=== DATA LISTING ===
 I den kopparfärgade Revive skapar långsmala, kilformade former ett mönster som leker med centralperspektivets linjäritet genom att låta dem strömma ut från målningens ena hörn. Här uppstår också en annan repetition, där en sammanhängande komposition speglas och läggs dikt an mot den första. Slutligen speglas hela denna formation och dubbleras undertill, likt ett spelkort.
==
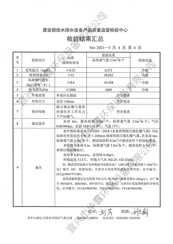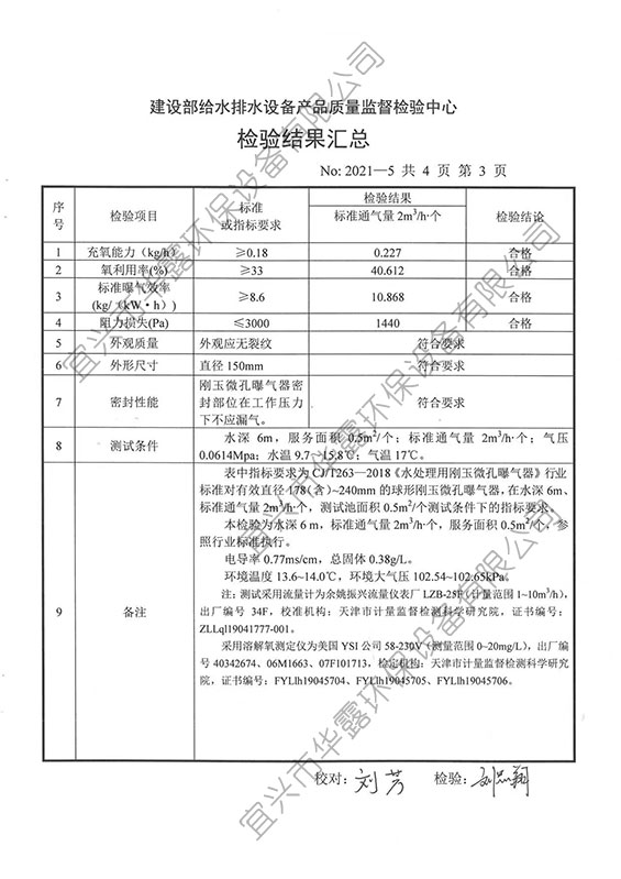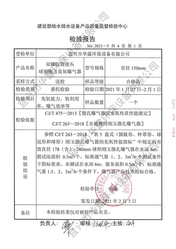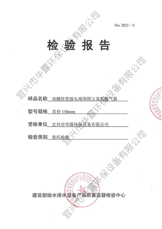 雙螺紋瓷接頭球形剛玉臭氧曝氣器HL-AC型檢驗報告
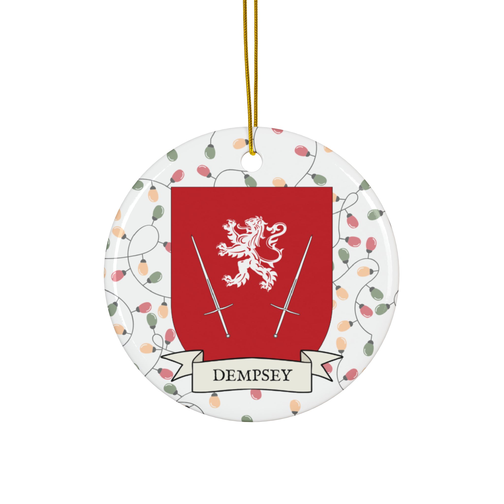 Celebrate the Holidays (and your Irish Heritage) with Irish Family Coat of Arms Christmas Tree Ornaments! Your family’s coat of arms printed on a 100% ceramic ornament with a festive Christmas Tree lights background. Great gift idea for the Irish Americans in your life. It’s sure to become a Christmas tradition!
--
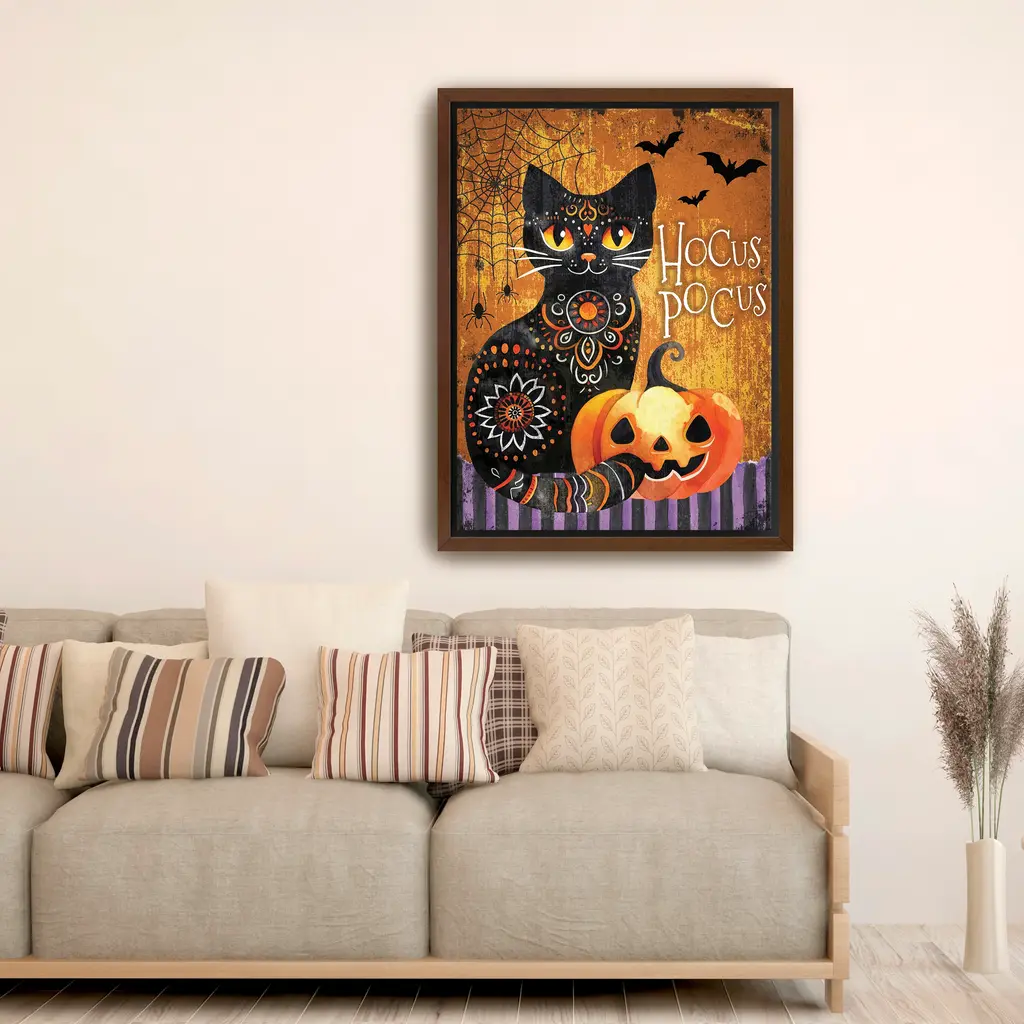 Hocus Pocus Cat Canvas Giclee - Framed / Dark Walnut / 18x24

=== WHAT THIS TASK INVOLVES ===
The stretch to restate runs from the line above containing "雙螺紋瓷接頭球形剛玉臭氧曝氣器HL-AC型檢驗報告" through the line containing "Celebrate the Holidays". Copy it word for word, ends included, without pictures.

=== SOLUTION TO THE EXERCISE ===
 雙螺紋瓷接頭球形剛玉臭氧曝氣器HL-AC型檢驗報告
 Celebrate the Holidays (and your Irish Heritage) with Irish Family Coat of Arms Christmas Tree Ornaments! Your family’s coat of arms printed on a 100% ceramic ornament with a festive Christmas Tree lights background. Great gift idea for the Irish Americans in your life. It’s sure to become a Christmas tradition!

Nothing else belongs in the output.